Balaustion spenceri
- Conservation status: Priority One — Poorly Known Taxa (DEC)

Scientific classification
- Kingdom: Plantae
- Clade: Tracheophytes
- Clade: Angiosperms
- Clade: Eudicots
- Clade: Rosids
- Order: Myrtales
- Family: Myrtaceae
- Genus: Balaustion
- Species: B. spenceri
- Binomial name: Balaustion spenceri Rye

= Balaustion spenceri =

- Genus: Balaustion
- Species: spenceri
- Authority: Rye
- Conservation status: P1

Species of flowering plant

Balaustion spenceri is a species of flowering plant in the family Myrtaceae and is endemic to the a restricted part of the south-west of Western Australia. It is shrub forming a low dome, with egg-shaped, narrowly egg-shaped or narrowly elliptic leaves, and white flowers with 20 to 24 stamens.

==Description==
Balaustion spenceri is a shrub that forms a low dome 20–30 cm wide and 50–90 cm wide, the flowering branchlets with usually one flower or sometimes a pair of flowers. Its leaves are narrowly egg-shaped, sometimes with the narrower end towards the base, or narrowly elliptic, 3.0–3.5 mm long and 0.6–1.1 mm wide on a petiole 0.4–0.5 mm long, the lower surface narrowly keeled near the tip with usually one or two main rows of oil glands each side of the midvein. The flowers are 8.5–11 mm in diameter on a peduncle 1.0–2.5 mm long, each flower on a pedicel 2.0–3.5 mm long. The floral tube is 1.5–2.0 mm long and 3–4 mm wide, the free part about 0.7 mm long and deep reddish. The sepals are broadly egg-shaped, 0.8–1.5 mm long, 1.7–2.3 mm wide and deep red with a whitish border.

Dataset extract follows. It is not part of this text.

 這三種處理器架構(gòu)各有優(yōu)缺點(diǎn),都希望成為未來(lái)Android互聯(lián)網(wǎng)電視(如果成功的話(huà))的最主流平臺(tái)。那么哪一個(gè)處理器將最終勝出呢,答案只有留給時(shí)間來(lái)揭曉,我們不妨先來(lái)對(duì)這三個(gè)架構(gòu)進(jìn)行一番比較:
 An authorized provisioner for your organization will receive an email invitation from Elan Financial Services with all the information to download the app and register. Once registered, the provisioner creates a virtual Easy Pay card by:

The petals are white, 3.5–5 mm long, with 20 to 24 stamens. Flowering has been recorded in June and October.

==Taxonomy==
Balaustion spenceri was first formally described in 2022 by Barbara Lynette Rye in the journal Nuytsia from specimens she collected with Malcolm Trudgen near Baladjie Rock in 2004. The specific epithet (spenceri) honours Phillip J. Spencer, who first collected this species in 1995.

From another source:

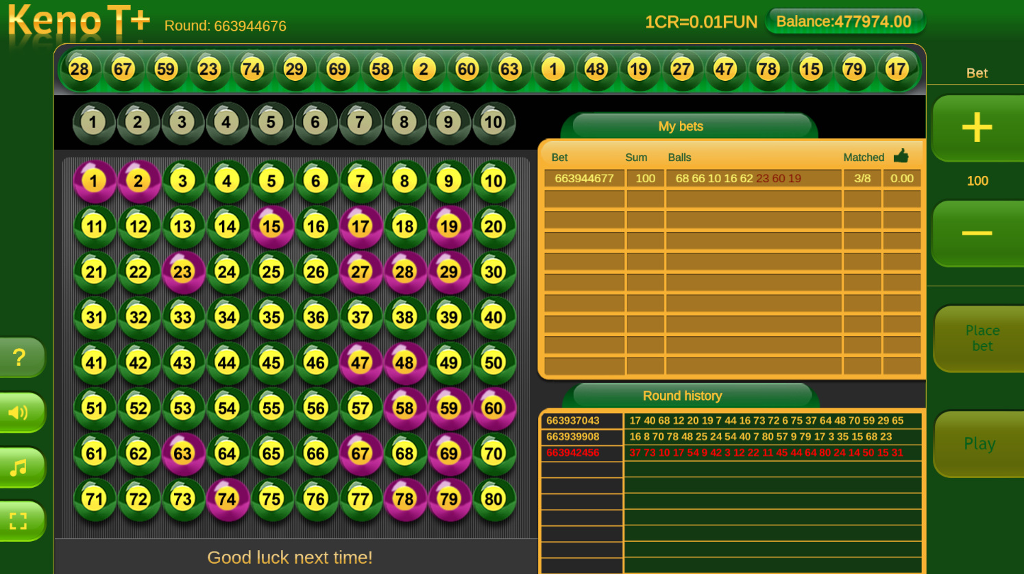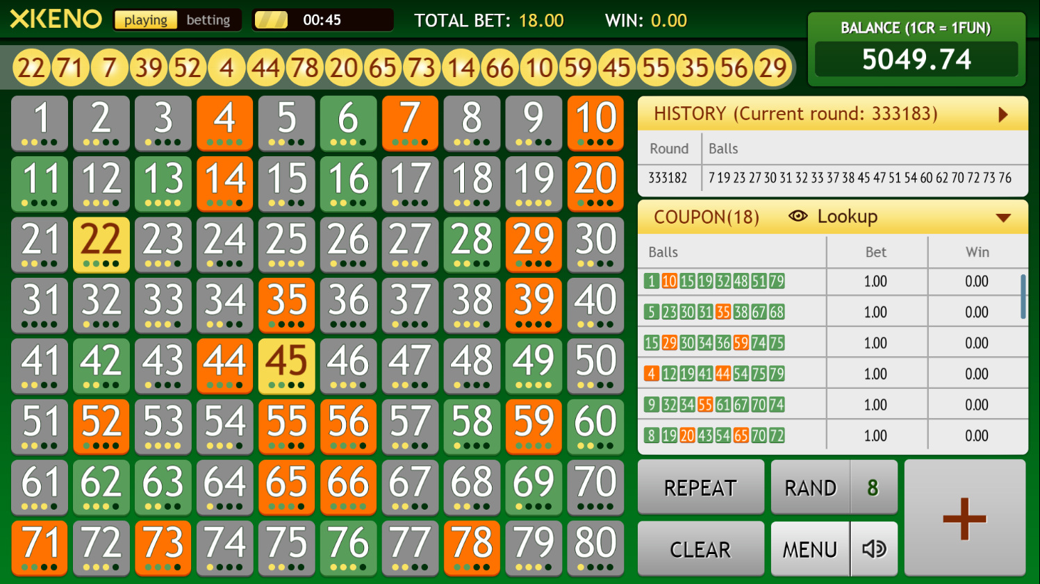 Este jogo parece igual ao Turbo Keno, incluindo a tabela de pagamentos, só que é um pouco mais lento e tem uma trilha sonora com sonoridade asiática.

==Distribution and habitat==
This species of Balaustion grows in brown loam in high open shrubland between Warralakin and Bullfinch in the Avon Wheatbelt bioregion in the south-west of Western Australia.

==Conservation status==
Balaustion spenceri is listed as "Priority One" by the Government of Western Australia Department of Biodiversity, Conservation and Attractions, meaning that it is known from only one or a few locations where it is potentially at risk.